What is COVID-19 teaching us about leadership for improvement? Explore the presentations and conversations from the event on this theme.

At the Q community event on 18 and 19 November 2020, we explored what COVID-19 is teaching us about leadership for improvement.

Collaboration and cross-system working were key themes in our conversations. We heard from four senior leaders working in North and Mid-Hampshire ICP and Wessex AHSN about how they responded to the pandemic as a system. They shared their thinking about putting adaptive leadership (as defined by Heifetz) into practice and ‘getting off the dance floor and up on the balcony’ to see patterns across the system.

But they also touched on important, simple changes that helped: their Friday afternoon multi-disciplinary zoom meetings, which unlocked problems quickly; or their video to local citizens to let them know that while COVID-19 disrupted services, they were working together to adapt and respond. Professor Becky Malby also explores new ways of working together, with a focus on primary and community care, in her presentation.

We didn’t shy away from the fact that collaboration isn’t always easy. Our session on Q’s newly released Skills for Collaborative Change: A map and user guide set out the skills and attitudes that support collaborative change and provides exercises to help teams have better conversations about how they will work together.

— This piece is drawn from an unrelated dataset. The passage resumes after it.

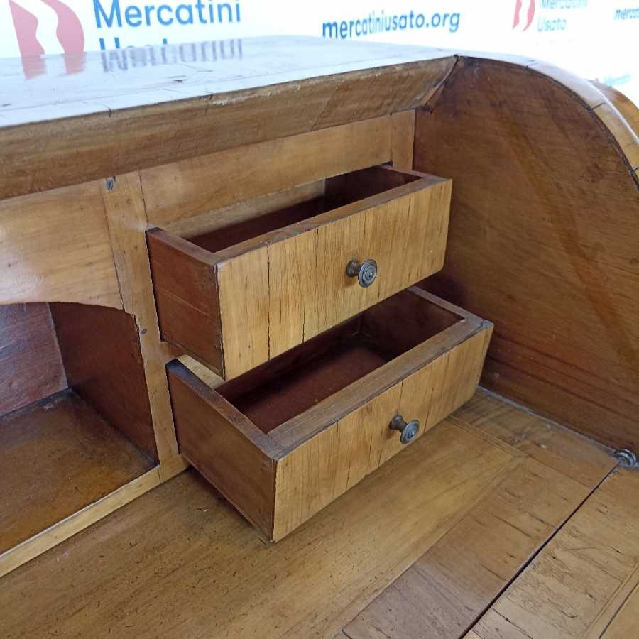 Ribalta lastronata di inizio 900 in stile. Struttura in legno intarsiato e lastronato. Richiede restauri.

Finally, we talked about putting staff wellbeing at the heart of our work. We discussed how to make the case for investing in wellbeing, how to make practical changes on the ground and shared personal tips to look after our own wellbeing. I won’t pretend that turning to chocolate didn’t feature, but we also got deeper and considered how the Wheel of Wellbeing could help us take action in our teams and organisations.

Below you can browse the sessions from the event on this theme.

Watch the sessions

Leading and learning across an integrated care system

Collaborative system leadership is hard to do well, and yet when the going got really tough earlier this year, some localities made huge strides in this area. This session shares how teams in Wessex worked together during COVID-19 to enable them to work effectively across their system, including the lessons and tips they learnt along the way.

Skills for collaboration: a practical tool for you and your teams

Now, more than ever, we need to work collaboratively, but the skills required to do this well are wide-ranging and often under-estimated. Q and Nesta have developed a map and user guide to outline the skills and attitudes needed for collaborative change, including practical tools to help you identify your team’s collective strengths. In this session you can hear about what the skills map is, how to use the practical tools within your team and hear from a lead pharmacist who has used it with her CCG team.

Collaborating across boundaries: the big leaps forward in primary, secondary and community services

In this session Professor Becky Malby talks about the remarkable advances that have been made in cross-system leadership in the face of the COVID-19 pandemic, particularly in primary and community care. Based on a survey of frontline, senior, board and middle leadership, she outlines the major leaps forward that have been made as people have worked together in new ways, and how we can make sure we don’t ever go back to old, less effective ways of working.

Improving wellbeing, improving care

There is a well-evidenced link between staff wellbeing and high-quality care, as recognised in this year’s World Patient Safety Day. In this session you hear from national policy leaders about what they are doing to prioritise staff wellbeing, as well as hearing practical examples from leaders who are implementing improvements.